Detailed Coast Guard construction standards for US commercial vessels covering fire protection, escape routes, crew accommodations, ventilation, and safety equipment, with requirements varying by vessel size, build date, and service type. Includes specific dimensional requirements, material specifications, and design mandates dating back to 1952.

Reason

These prescriptive regulations impose substantial compliance costs on maritime commerce while providing safety benefits achievable through less restrictive means. Mandating exact berth dimensions (30 sq ft), stairway widths (28 inches), and material types creates barriers to innovation and increases costs ultimately passed to consumers. Safety is better addressed through tort liability, marine insurance requirements, and voluntary adoption of classification society standards (ABS) and international conventions (SOLAS) already incorporated by reference. The detailed micromanagement exemplifies regulatory accumulation that violates principles of limited government and free enterprise.

delete PART 91—INSPECTION AND CERTIFICATION 46-CFR-91 · 1965
Summary

This regulation establishes comprehensive inspection and certification requirements for U.S. vessels, including mandatory certificates of inspection, periodic examinations, and standards for marine safety equipment, hull integrity, and operational compliance.

Reason

Federal vessel inspection and certification creates a costly bureaucratic apparatus that states could handle more efficiently. The $2+ trillion compliance costs burden small businesses disproportionately, while safety outcomes don't justify federal overreach into what should be state-regulated maritime operations under the Tenth Amendment.

keep PART 90—GENERAL PROVISIONS 46-CFR-90 · 1965
Summary

Federal safety regulations for U.S.-flag cargo and miscellaneous vessels, plus certain foreign vessels operating in U.S. waters. Sets construction, equipment, and operational standards; incorporates classification society rules; preempts state/local regulations; includes exemptions for SOLAS-certified foreign ships, inland vessels, and laid-up vessels.

Reason

Maritime safety involves catastrophic externalities - a single vessel failure can cause environmental devastation, loss of life, and harm to navigation corridors used by many. The Navigation Clause (Art. I, Sec. 8) explicitly empowers Congress to regulate interstate/foreign commerce by sea. International coordination via SOLAS is essential; unilateral deregulation would not prevent foreign vessels from entering U.S. ports, creating a race to the bottom. Insurance markets alone cannot discipline these risks post facto.

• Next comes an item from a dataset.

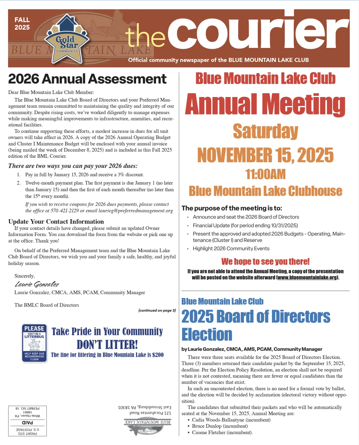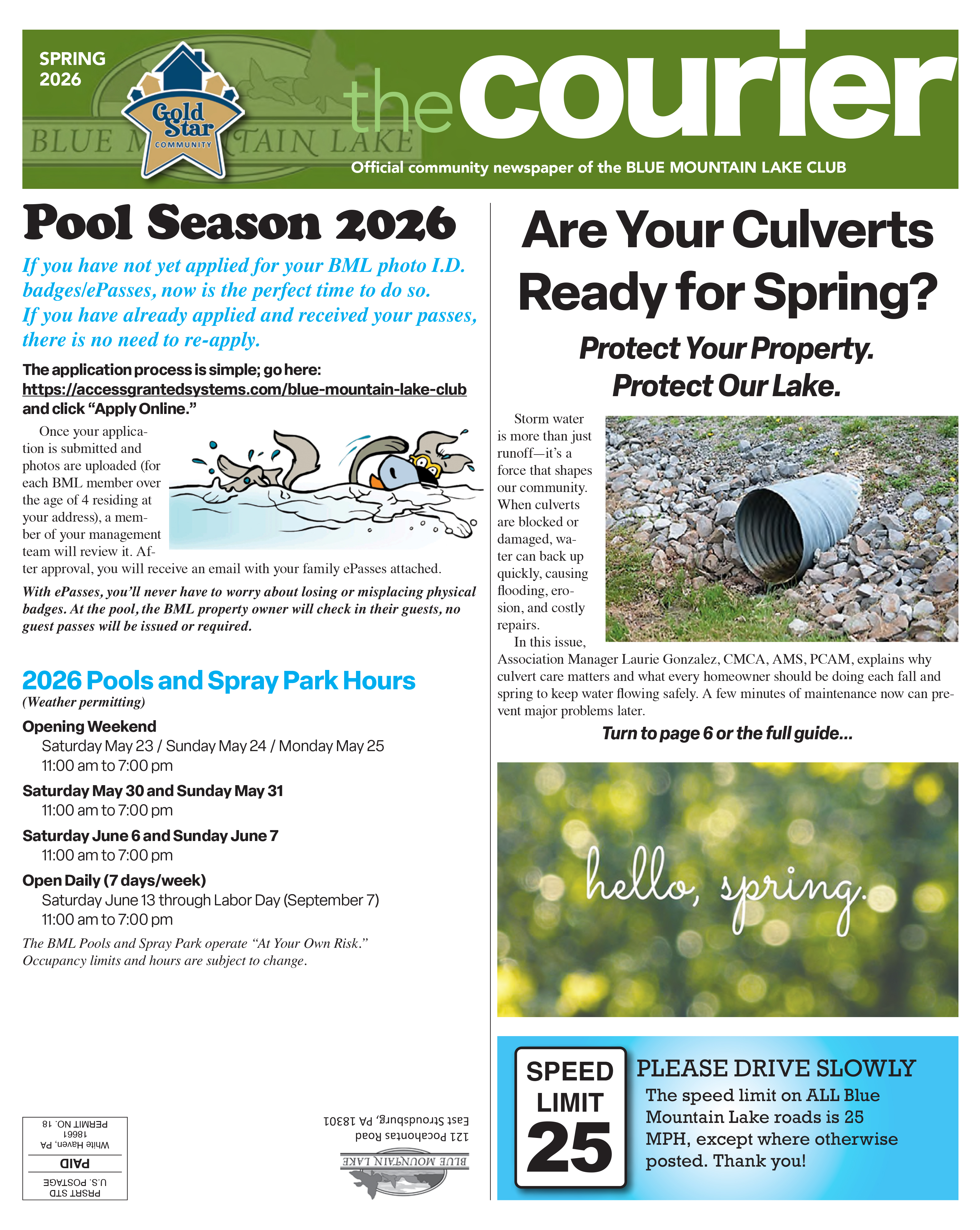 Blue Mountain Lake offers amenities that include 2 pools, a spray park (or splash pad), a lake, and recreational basketball and tennis/pickleball courts. The community center is the site of numerous social events throughout the year arranged by many active committees.

While preemption is troubling, the federal role here aligns with original constitutional understanding of maritime commerce as a core federal function.

delete PART 78—OPERATIONS 46-CFR-78 · 1965
Summary

This regulation (46 CFR Part 78) prescribes detailed operational and safety requirements for inspected vessels, including navigation equipment, logbook documentation, crew watch requirements, machinery inspections, fire safety protocols, and passenger vessel security patrols. It applies broadly to vessels with few exceptions and contains explicit preemption over state/local regulations.

Reason

The regulation imposes massive prescriptive compliance burdens on vessel operators—weekly tests, daily operations, extensive logbook entries, mandated equipment, and rigid procedures—that create a hidden tax exceeding any marginal safety benefit. It violates Tenth Amendment federalism by preempting state/local competition and ignores varying risk profiles across vessel types. Market alternatives through insurance requirements, classification societies, and liability would achieve safety outcomes more efficiently, with costs borne by those who assume risk rather than bureaucrats. The unseen costs include barriers to entry for small operators, stifled innovation in safety methods, and diverted resources from actual maritime commerce.